2020 non-fiction book by Mark O'Connell

Notes from an Apocalypse: A Personal Journey to the End of the World and Back is a 2020 non-fiction book by Irish writer Mark O'Connell, first published by Granta Books.

==Synopsis==
Notes from an Apocalypse is an investigative book about the anxieties of a potential ecological and social collapse and the movements of survivalism that have followed. Mark O'Connell describes his experiences at the Chernobyl Exclusion Zone, survival bunkers in South Dakota, an apocalyptic retreat in New Zealand, and with the environmentalist group Dark Mountain Project in the Scottish Highlands. He details his communications with doomsday preppers, aspiring space colonists and right-wing conspiracists.

==Reception==
Publishers Weekly and Kirkus Reviews praised the "wry" humour of O'Connell's writing style, with the Kirkus reviewer concluding by calling it: "A contribution to the doom-and-gloom genre that might actually cheer you up."

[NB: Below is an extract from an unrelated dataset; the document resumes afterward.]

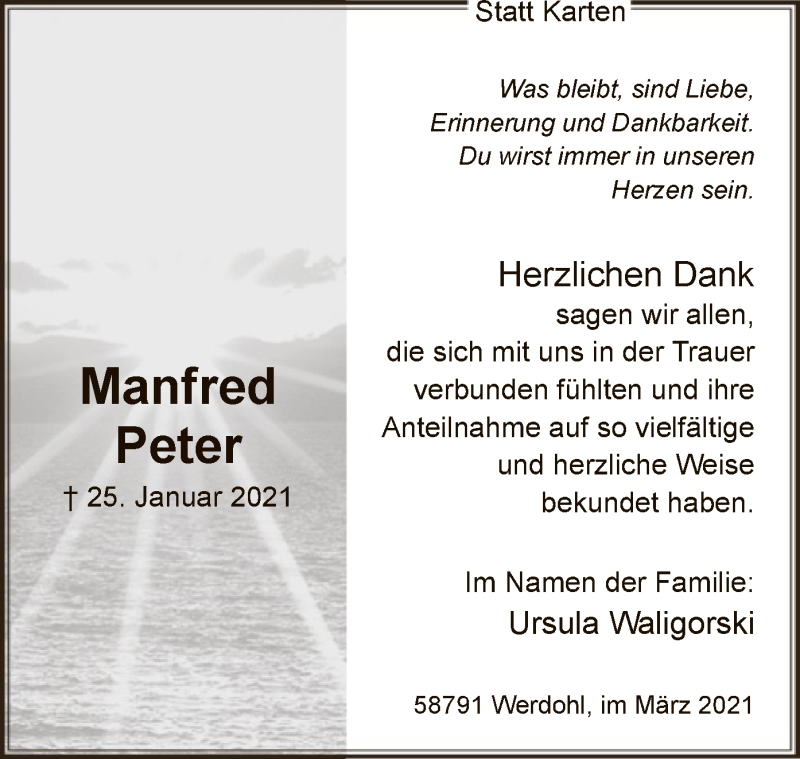 Hier finden Sie alle Traueranzeigen aus der Zeitung, die bisher für Manfred Peter erschienen sind. Weitere Traueranzeigen, die in der Zeitung erscheinen, werden hier ebenfalls aufgelistet

James McConnachie of The Times gave the book a rave review, praising O'Connell's humour, sincerity and "bitingly clever" analysis, and it was described by Esquire as "deeply funny and life-affirming, with a warm, generous outlook even on the most challenging of subjects."

Lauren Oyler of The Guardian gave the book a negative review, criticizing its "high-flown language" and narrative style.

The book was also reviewed in The New York Times, The Wall Street Journal, NPR, The Irish Times, Wired and The Observer.